Subject: Western Hemisphere - America
Period: 1595 (published)
Publication: Le Relationi Universali
Color: Black & White
Size:
9.7 x 6.8 inches
24.6 x 17.3 cm
This early map of the Americas is based on Ortelius and D'Anian. The Sierra Nevadas are named and Quivira appears both as a region and a large city in North America. The towns of Marta, Zalisco, and Culuacan are noted near present-day New Mexico. Another large city labeled Totonteac is shown at the top of the Mar Vermeio (Gulf of California). A wide St. Lawrence River has its headwaters in a tiny lake in the region named Saguenai, and there are no Great Lakes. The names Norinbega for New England, Mocosa, and Apalche are on the eastern seaboard. Off the coast, the imaginary islands of Frislant, Dos Demonios, Sept Cites, and St. Brendain are shown. South America is shown with a bulging western coast from Ortelius, while an outsized La Plata River plunges into the continent.
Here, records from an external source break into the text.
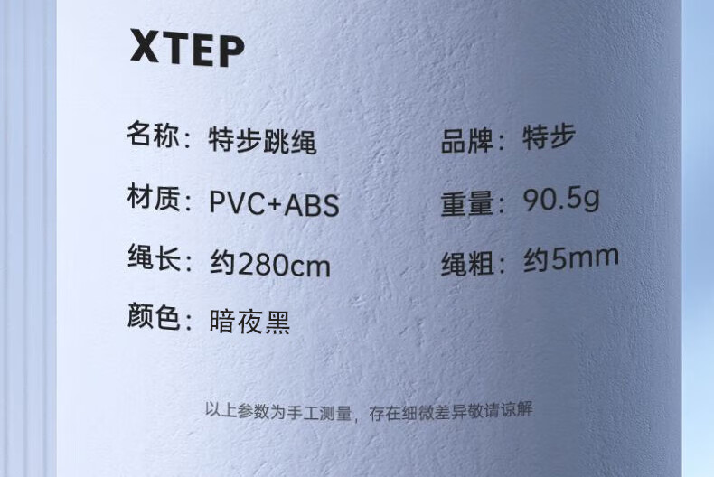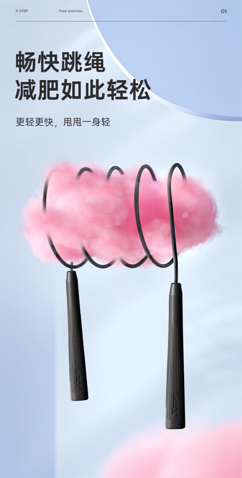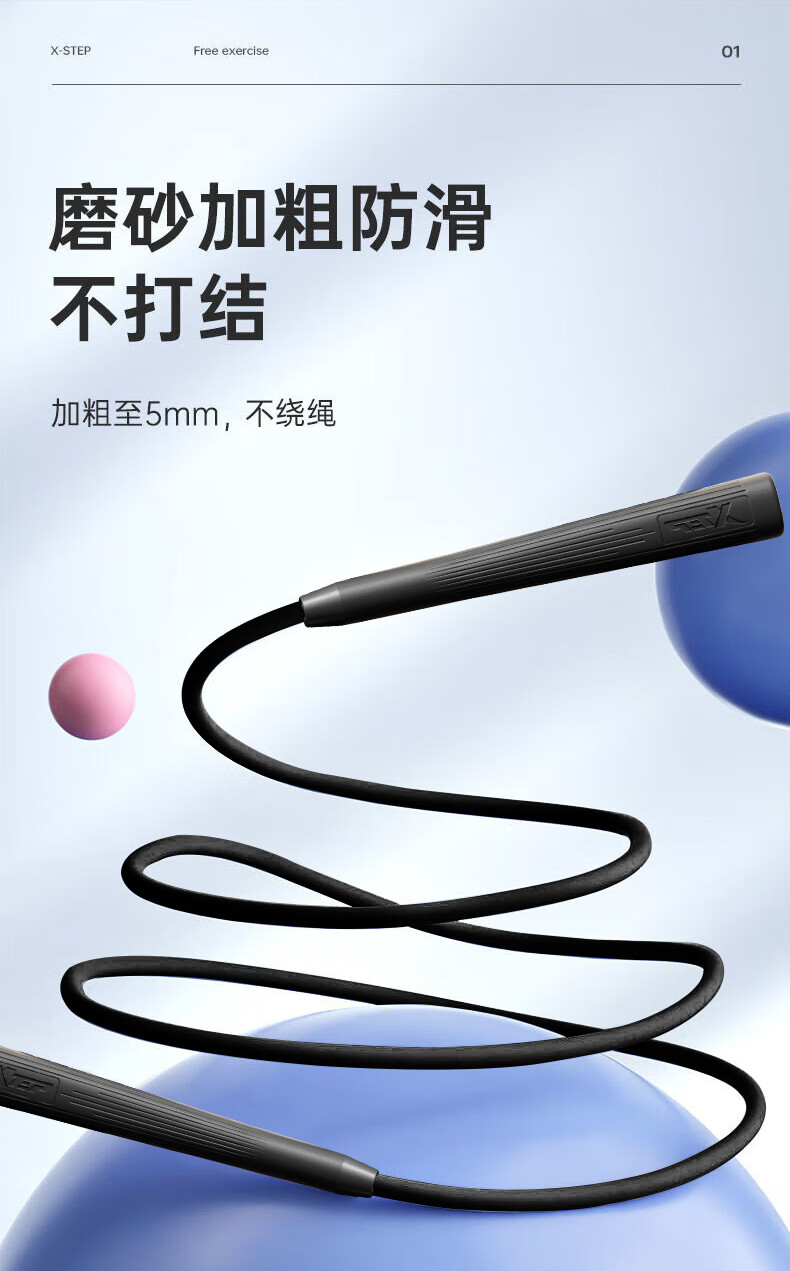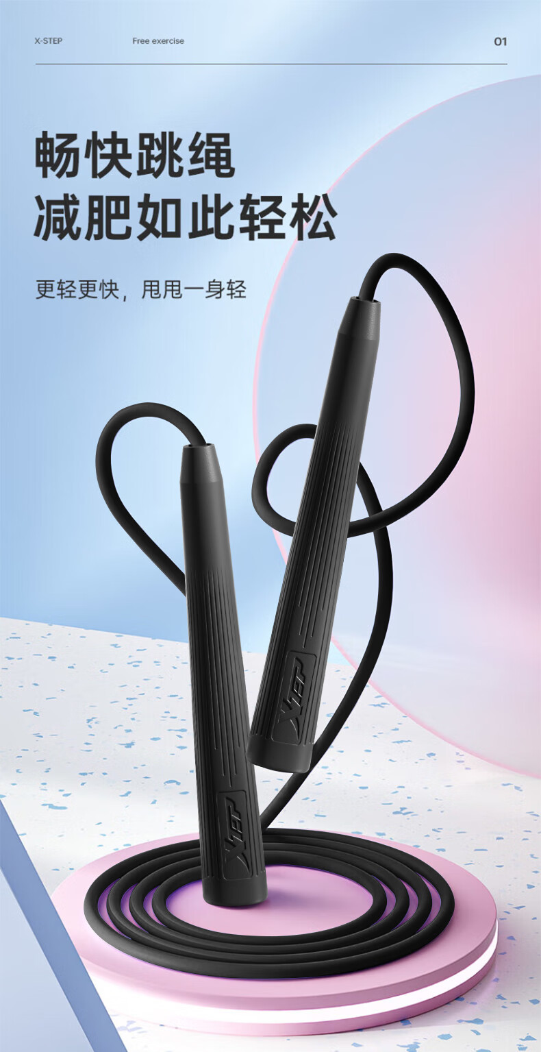 XTEP (XTEP) skipping rope for children, primary school students, beginners, sports and fitness, professional racing skipping rope, fitness for adults, high school examination rope, black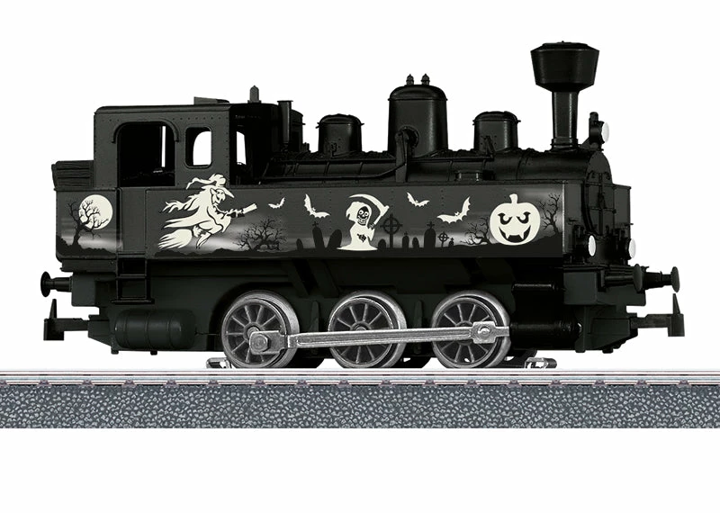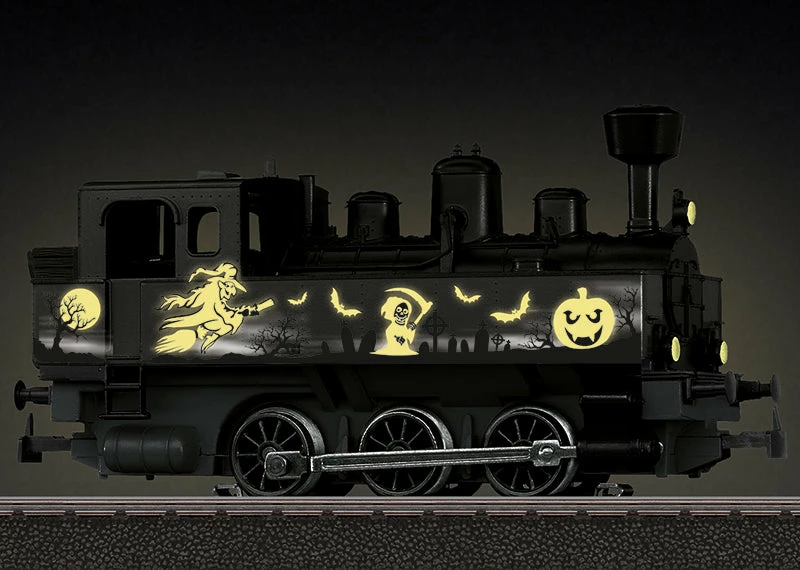 This steam locomotive has a scary Halloween design. It has custom imprinting elements and the triple headlights glow in the dark. An mfx digital decoder is included. 1 axle powered. Traction tires. The locomotive has coupler hooks.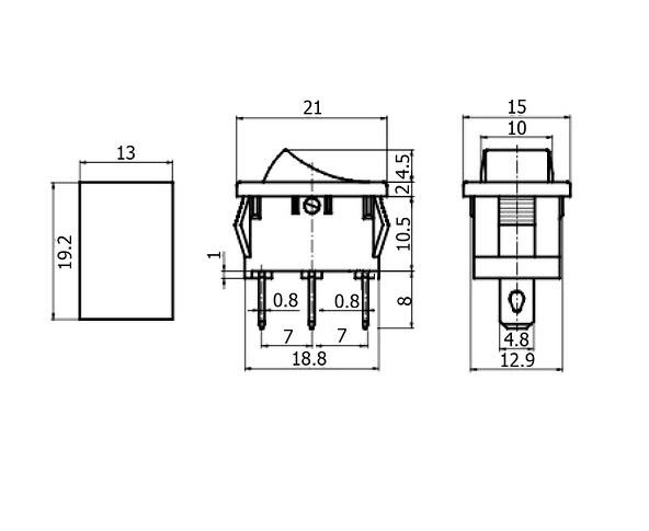 Tecla MINI Inversora On-On 250v 3amp 3T 1polo 21.4x15mm Roja cantidad

A massive Tierra del Fuego fills the bottom of the map and is connected to an even more massive Nova Guinea, which carries a notation referring to Andrea Corsali, a 15th-century Florentine explorer who described and named the Southern Cross. This is the first state with no line encircling the continent, engraved by Girolamo Porro, although his imprint does not appear on this state. Blank verso.
References: Burden #86.
Condition: A
A dark impression with a few miniscule wormholes that are only visible when held up to light and minor dampstaining in the blank margins.